2. How many electrons fit in the first Brillouin zone?

My attempt:

[tex]N_a = \frac{L_a}{a},\qquad N_b = \frac{L_b}{b},\qquad N_c= \frac{L_c}{c}[/tex]

for an orthorhombic lattice of primitive direct lattice constants a, b, and c.

So, the total number of electrons is N = Na x Nb x Nc

Is this right?

Thanks
 
Last edited:
I have something to add. I think I figured out these questions; please confirm:

1. k-spacing:

Looks right on the initial post

2. Number of electrons:

[tex]N = (2N_a) (2 N_b)(2 N_c) = 8 N_a N_b N_c[/tex]

From the 1D analysis at the edge of the 1st Brillouin zone:

[tex]n_a \frac{2\pi}{L_a} = \frac{\pi}{a} \therefore n_a = \frac{L_a}{2a} = \frac{N_a a}{2a} = \frac{ N_a}{2}[/tex]

so for half of the the 1st Brillouin zone. For the whole thing, the number of k-states is 2 n_a = N_a. There are two electrons per k-state so (2N_a) electrons for dimension "a". For the other two, the analysis is identical, which again leads to:

[tex]N = (2N_a) (2 N_b)(2 N_c) = 8 N_a N_b N_c[/tex]

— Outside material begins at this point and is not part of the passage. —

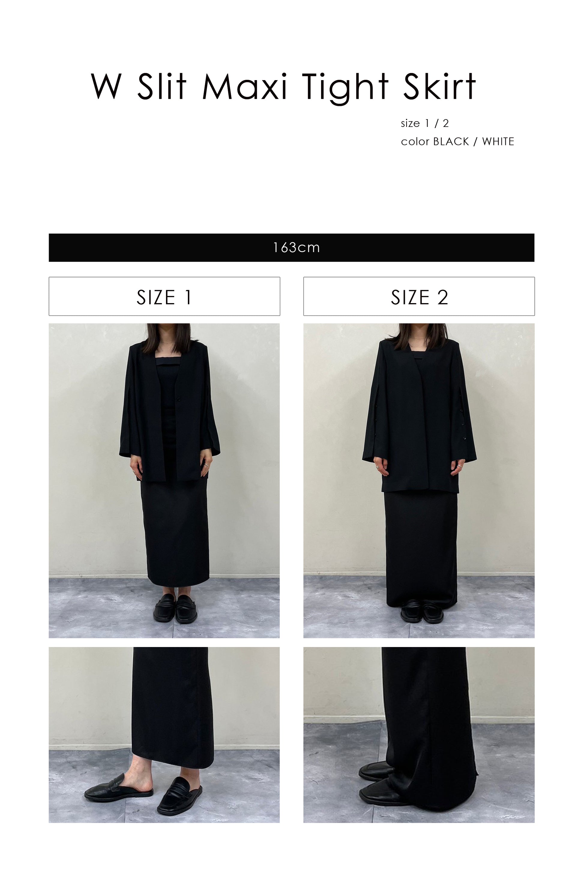 W Slit Maxi Tight Skirt-BLACK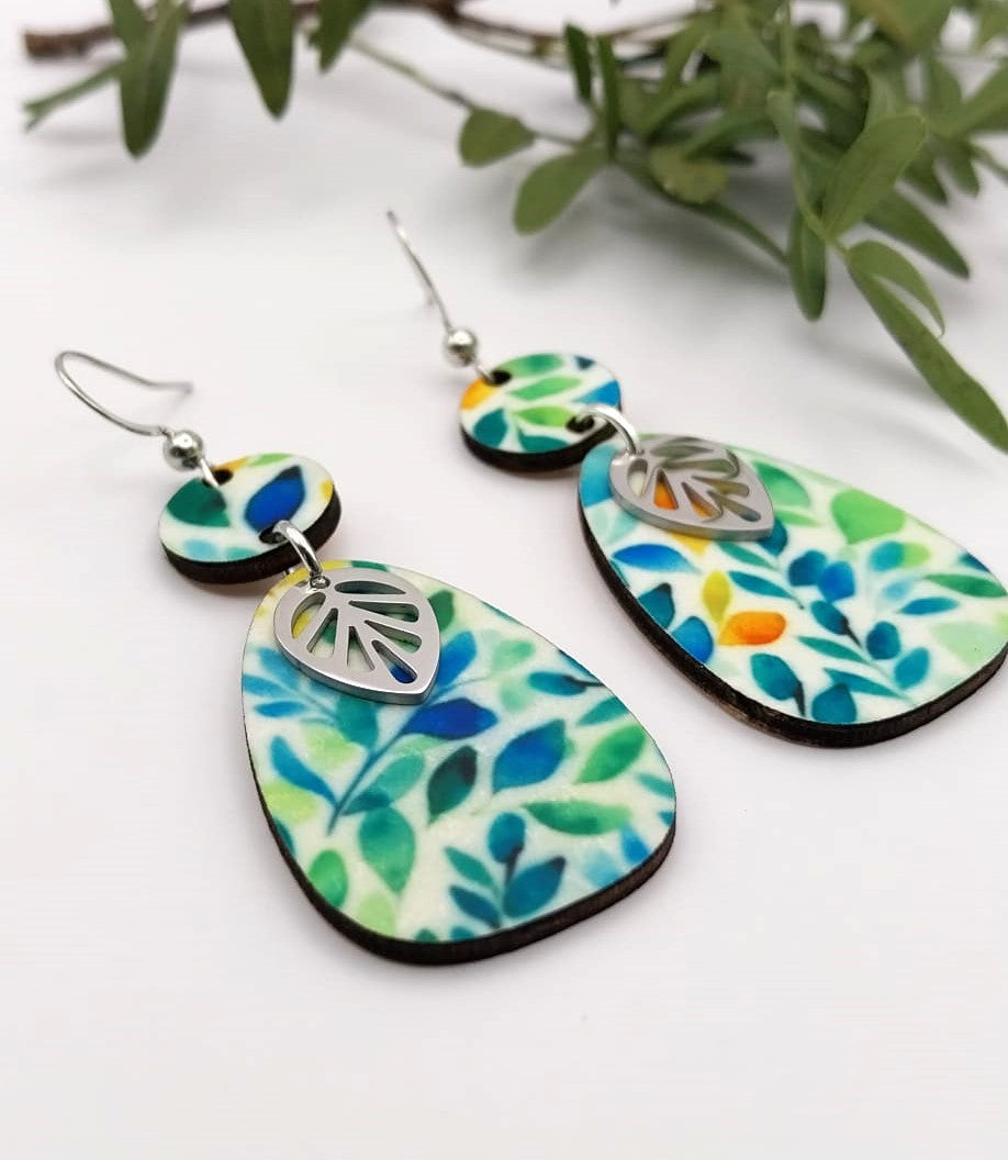Boucles d'oreille en bois de tilleul imprimé multicolore avec breloques en forme de feuille argent brillant. Très légères à porter elles sont conçues grâce à une technique unique comme ce modèle.

Are those correct? Thank you very much
 
DivGradCurl said:
Hi all,

I’m brushing up my skills on solid state physics and I have a few questions about crystal lattices:


2. How many electrons fit in the first Brillouin zone?

My attempt:

[tex]N_a = \frac{L_a}{a},\qquad N_b = \frac{L_b}{b},\qquad N_c= \frac{L_c}{c}[/tex]

for an orthorhombic lattice of primitive direct lattice constants a, b, and c.

So, the total number of electrons is N = Na x Nb x Nc

Is this right?

Thanks
All the electrons are in FBZ distributed in several bands. If you mean how many electrons can settle in a specific band the answer is that for each k you can have at most two electrons with different spins and the number of k-points in FBZ is determined by the number of unit cells in the crystal.